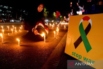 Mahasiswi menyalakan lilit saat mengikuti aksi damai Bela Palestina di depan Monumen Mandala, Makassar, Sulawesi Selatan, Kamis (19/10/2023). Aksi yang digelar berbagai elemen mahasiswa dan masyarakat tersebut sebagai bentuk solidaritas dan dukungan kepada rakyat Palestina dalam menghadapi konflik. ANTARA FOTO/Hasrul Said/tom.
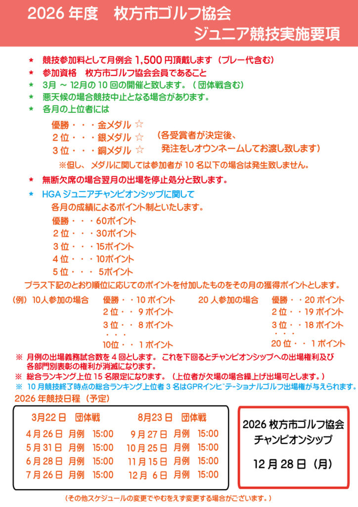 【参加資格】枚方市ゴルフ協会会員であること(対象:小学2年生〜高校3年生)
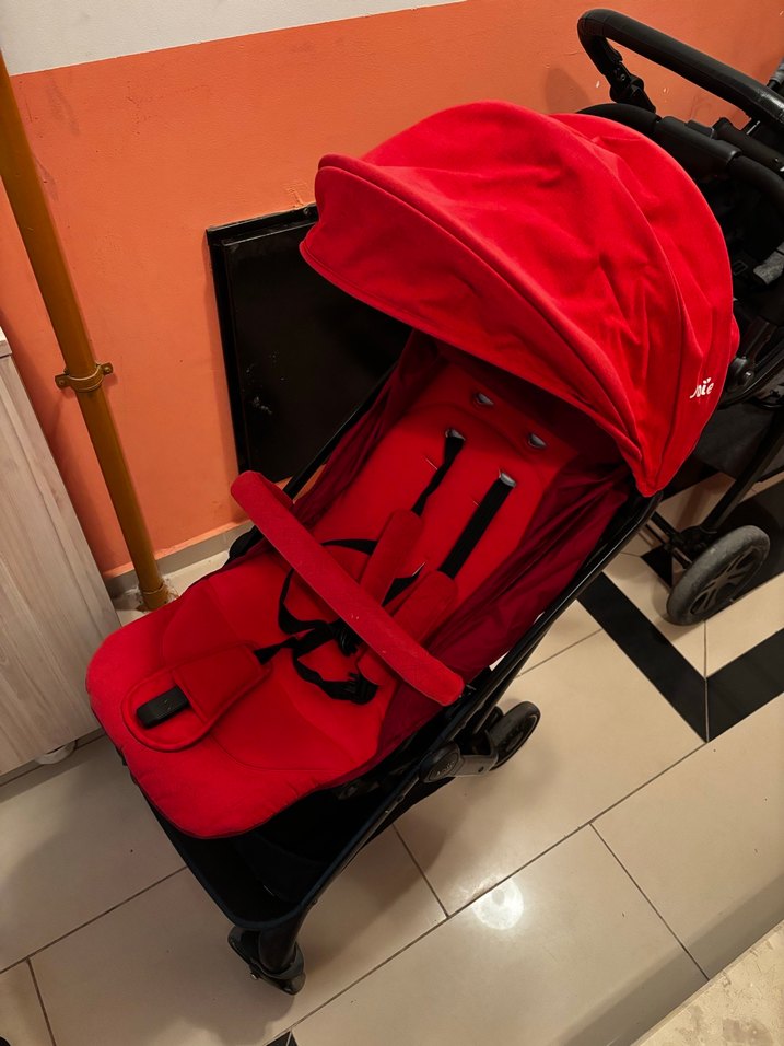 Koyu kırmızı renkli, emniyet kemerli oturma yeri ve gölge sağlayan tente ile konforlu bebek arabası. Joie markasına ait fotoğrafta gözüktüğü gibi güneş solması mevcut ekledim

* * * * * * * * *

*TASK DESCRIPTION:* Except for the pictures, give the data again word for word.

*FINAL ANSWER:*
 Mahasiswi menyalakan lilit saat mengikuti aksi damai Bela Palestina di depan Monumen Mandala, Makassar, Sulawesi Selatan, Kamis (19/10/2023). Aksi yang digelar berbagai elemen mahasiswa dan masyarakat tersebut sebagai bentuk solidaritas dan dukungan kepada rakyat Palestina dalam menghadapi konflik. ANTARA FOTO/Hasrul Said/tom.
 【参加資格】枚方市ゴルフ協会会員であること(対象:小学2年生〜高校3年生)
 Koyu kırmızı renkli, emniyet kemerli oturma yeri ve gölge sağlayan tente ile konforlu bebek arabası. Joie markasına ait fotoğrafta gözüktüğü gibi güneş solması mevcut ekledim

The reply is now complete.